Partway through the second quarter was when those glimpses turned into points, with the point guards leading the charge. Day-Wilson kicked off Duke’s run with a crossover to get a wide lane and went downhill to pull up for a short jumper. After a Goodchild and-one, Day-Wilson created two points on a no-look bullet to an open Gordon at the rim, who got fouled on the shot.
Not to be outdone, point guard Vanessa de Jesus checked in and got to work, immediately running a side pick-and-roll where she sliced into the paint and kicked it out to an open Balogun on the wing. The next time she got on offense, de Jesus slashed her way through the paint, using hesitation dribbles to draw defenders in so she could open up Taylor spotting up behind the arc for a kick-out.
De Jesus ended the half with a “touchdown” right into a running Taylor's bread basket for a layup. That made Taylor the seventh Blue Devil to score in their 19-1 run to close the second quarter, with the crowd swelling louder every score.
“It's been awesome having new teammates,” Goodchild said. “We've been really growing together in the summer, and then in the preseason, on and off the court. So it was really exciting to get out there together on the court for the first time in an official game. I think we did great. I think we will definitely grow as time goes, our chemistry will build. But yeah, I think that's kind of showing from our preseason working together.”
Duke’s scheme also played a role in their run.

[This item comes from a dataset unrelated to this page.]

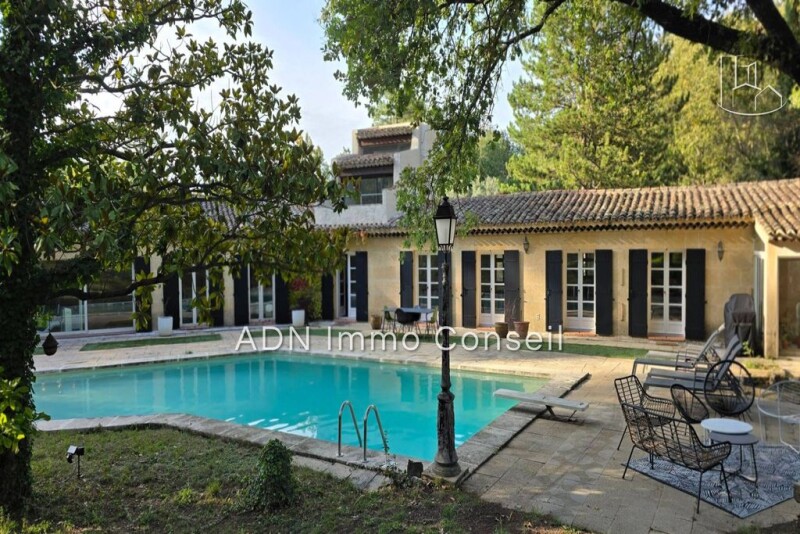 You're sure to fall in love with this characterful property in the heart of a magnificent wooded park of over one hectare in the Aix countryside. Located less than 10 minutes from the city center of Aix-en-Provence, its location is ideal, calm, and close to all transport and access: TGV station, Airport, Motorways. The mansion offers approximately 305 m² of living space, 60% of which is on the ground floor. Many possibilities of developments are offered to you. Currently furnished with 3 bedrooms, 3 bathrooms and showers, including a 70 m² master suite equipped with a wood stove with central shower, private bathroom. The living space is full of character with a cathedral lounge, a typical Provençal and fully equipped kitchen, its adjoining dining room and shared spaces: games room with billiards, gym, sauna, spa... In the continuity of the property is a caretaker's house of approximately 70 m², you can thus offer it to your friends, your family, your trusted person, or allow yourself to have a guaranteed rental income. You will also discover the possibility of parking seven vehicles in complete safety, and at least as many at the entrance to the estate. A 25-meter long swimming pool with its beach and pool house will provide many moments to share and make them special. This property, ideally located, offers you the chance to combine prestige, Provence, and a convenient geographical location. It is ideal for both a large family and for investment. Do not hesitate to contact us to discover it!.

Day-Wilson was able to find Gordon open under the basket because the latter’s baseline cut was complemented by a perimeter relocation to the corner she cut from; so when Day-Wilson jumped to pass, the weakside corner defender was in a bind. The first de Jesus kick-out in the run was set up because Blue Devil center Jade Williams flipped her screen once it was clear Wingate was icing the pick-and-roll. Duke’s second-half offensive run included a pistol flare to open a three and multiple Chicago actions to effect middle offense.

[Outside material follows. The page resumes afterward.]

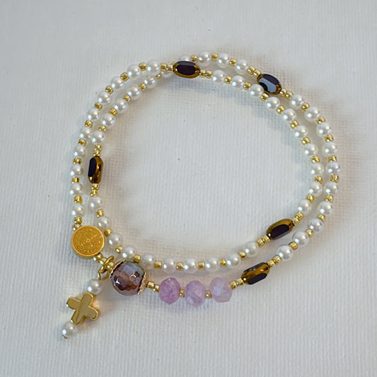 Pearl Beads with Purple Gemstones Rosary Bracelet

Trying to implement a smooth offense, one that passes out of a Chicago across to a weakside pick-and-roll, or from a high stagger into an Oklahoma, is always tricky. Doing so at the collegiate level, with 60% new faces and versatility up and down, is really hard.
As much was clear in the first quarter, when the Blue Devils were clearly trying to get to Chicagos or Princeton concepts, but just weren’t connecting; Duke turned the ball over five times and recorded just three assists that period.
Defensive miscues were less damaging, but persisted throughout the game. Players had to physically push each other to hedge on ball screens, or scream at each other when they weren’t recovering out to shooters. Most of Wingate’s baskets through the first three quarters came on either Blue Devil miscommunications or improper recoveries when trying to move from transition to halfcourt defense.
That’s how the Bulldogs nearly ended the first quarter tied, but Duke’s talent was simply too much as it raced to a 42-19 halftime lead. The game ended 86-50 as the Blue Devil defense couldn’t hold its first-half performance down the stretch, though most of that was due to them having a few players from the end of their bench.
By the end of game, the crowd had grown raucous, repeatedly chanting “our house!” as time expired.
“My voice is definitely gonna go quicker [this year]. Last year, [the players could] hear me so easily with no fans. And now it's raspy already. So I anticipate having to yell louder,” said Lawson. “The energy was great. It was awesome to see the community come out, students there. I think our team is going to be really fun to watch this year. So I think as the year goes on, I think we'll see the excitement build throughout campus and through the community about coming to watch us play.”